## Work request
Give again, word for word, every line in the entries below from the line with "Um mehr platz" up to and including the line with "At Seenock, there", and no other line.

## Task input
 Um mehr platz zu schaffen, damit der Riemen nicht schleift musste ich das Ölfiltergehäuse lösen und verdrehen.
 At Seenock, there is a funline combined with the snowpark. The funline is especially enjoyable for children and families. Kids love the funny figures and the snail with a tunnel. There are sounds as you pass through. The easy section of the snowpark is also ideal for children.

--

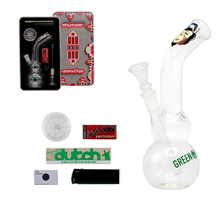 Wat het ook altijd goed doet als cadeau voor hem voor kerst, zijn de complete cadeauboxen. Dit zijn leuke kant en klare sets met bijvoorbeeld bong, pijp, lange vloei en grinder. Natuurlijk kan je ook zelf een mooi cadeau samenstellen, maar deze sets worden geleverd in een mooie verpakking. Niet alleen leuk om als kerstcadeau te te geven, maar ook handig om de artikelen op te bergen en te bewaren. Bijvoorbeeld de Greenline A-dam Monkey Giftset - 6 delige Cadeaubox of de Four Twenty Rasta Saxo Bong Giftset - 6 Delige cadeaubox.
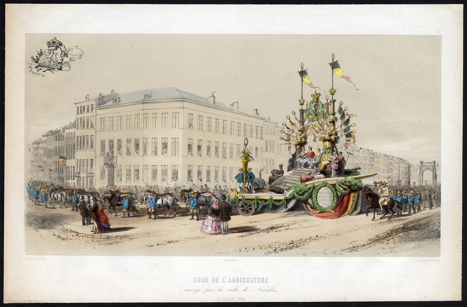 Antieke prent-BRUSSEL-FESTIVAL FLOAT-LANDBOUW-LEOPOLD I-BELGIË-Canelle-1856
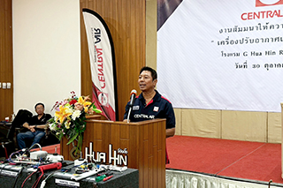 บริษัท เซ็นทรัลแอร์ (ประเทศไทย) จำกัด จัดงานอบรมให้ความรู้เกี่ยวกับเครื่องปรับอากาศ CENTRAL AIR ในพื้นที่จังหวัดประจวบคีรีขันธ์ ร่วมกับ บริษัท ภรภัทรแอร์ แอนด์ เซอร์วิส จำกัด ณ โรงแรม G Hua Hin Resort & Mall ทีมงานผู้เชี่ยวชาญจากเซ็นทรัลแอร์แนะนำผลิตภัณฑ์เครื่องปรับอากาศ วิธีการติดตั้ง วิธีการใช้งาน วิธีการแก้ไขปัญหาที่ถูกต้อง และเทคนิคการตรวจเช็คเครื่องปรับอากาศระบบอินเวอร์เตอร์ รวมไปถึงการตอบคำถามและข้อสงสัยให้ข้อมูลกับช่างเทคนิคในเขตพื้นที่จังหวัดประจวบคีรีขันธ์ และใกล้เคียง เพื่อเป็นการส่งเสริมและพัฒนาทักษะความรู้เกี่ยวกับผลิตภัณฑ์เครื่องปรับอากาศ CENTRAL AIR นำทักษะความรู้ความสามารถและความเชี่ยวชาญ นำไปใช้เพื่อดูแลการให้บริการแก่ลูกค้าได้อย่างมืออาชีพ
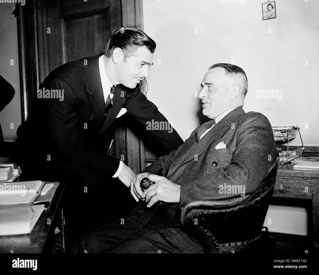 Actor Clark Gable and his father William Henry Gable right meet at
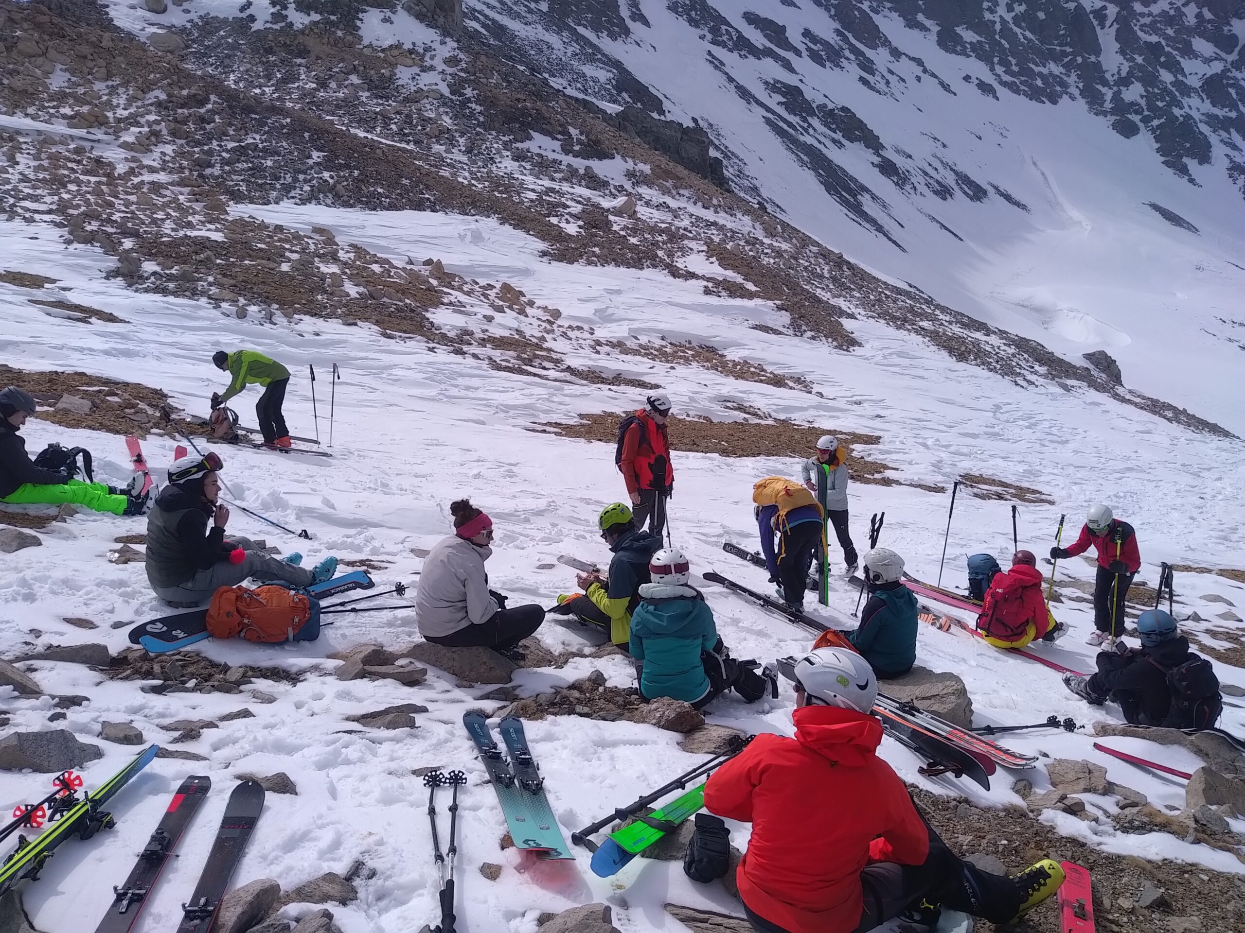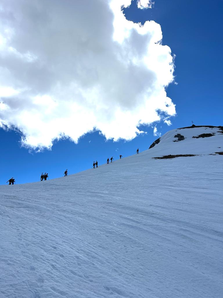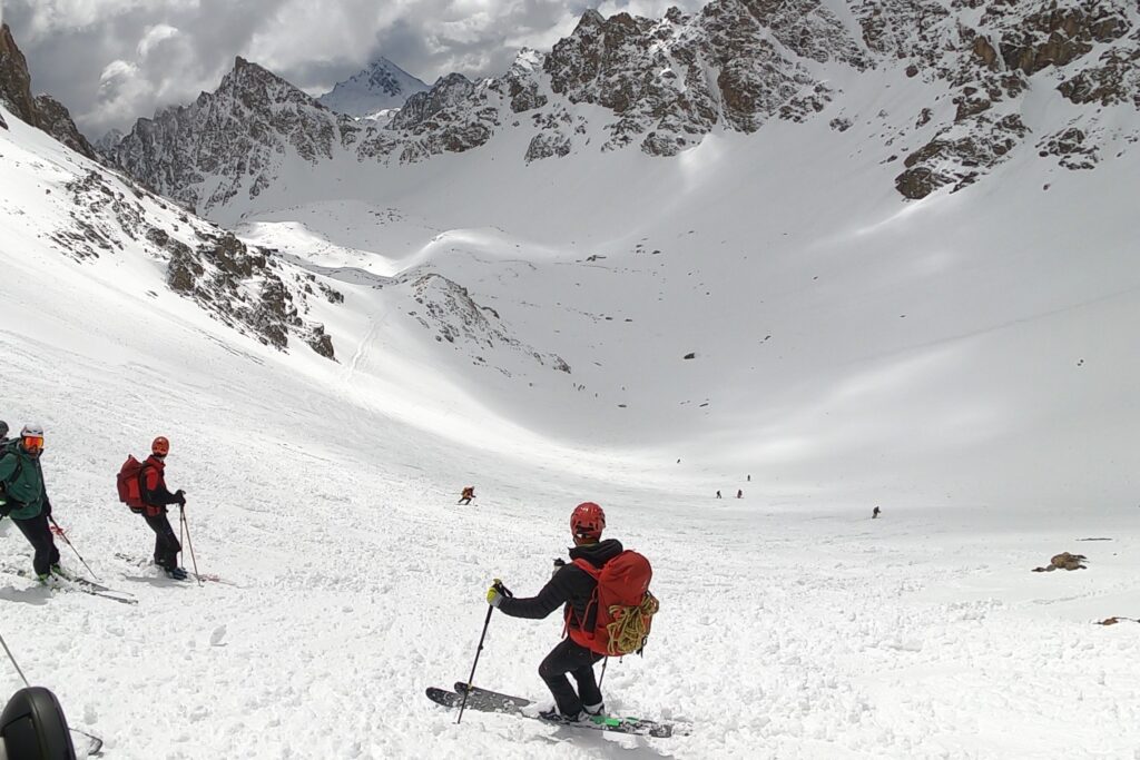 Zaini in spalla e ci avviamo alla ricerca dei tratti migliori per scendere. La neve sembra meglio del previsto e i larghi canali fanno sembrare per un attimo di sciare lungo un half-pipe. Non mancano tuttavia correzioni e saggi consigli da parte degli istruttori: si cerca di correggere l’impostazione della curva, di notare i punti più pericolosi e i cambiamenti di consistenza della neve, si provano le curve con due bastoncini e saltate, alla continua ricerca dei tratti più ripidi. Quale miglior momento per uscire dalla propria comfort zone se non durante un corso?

## Solution to this exercise
 Um mehr platz zu schaffen, damit der Riemen nicht schleift musste ich das Ölfiltergehäuse lösen und verdrehen.
 At Seenock, there is a funline combined with the snowpark. The funline is especially enjoyable for children and families. Kids love the funny figures and the snail with a tunnel. There are sounds as you pass through. The easy section of the snowpark is also ideal for children.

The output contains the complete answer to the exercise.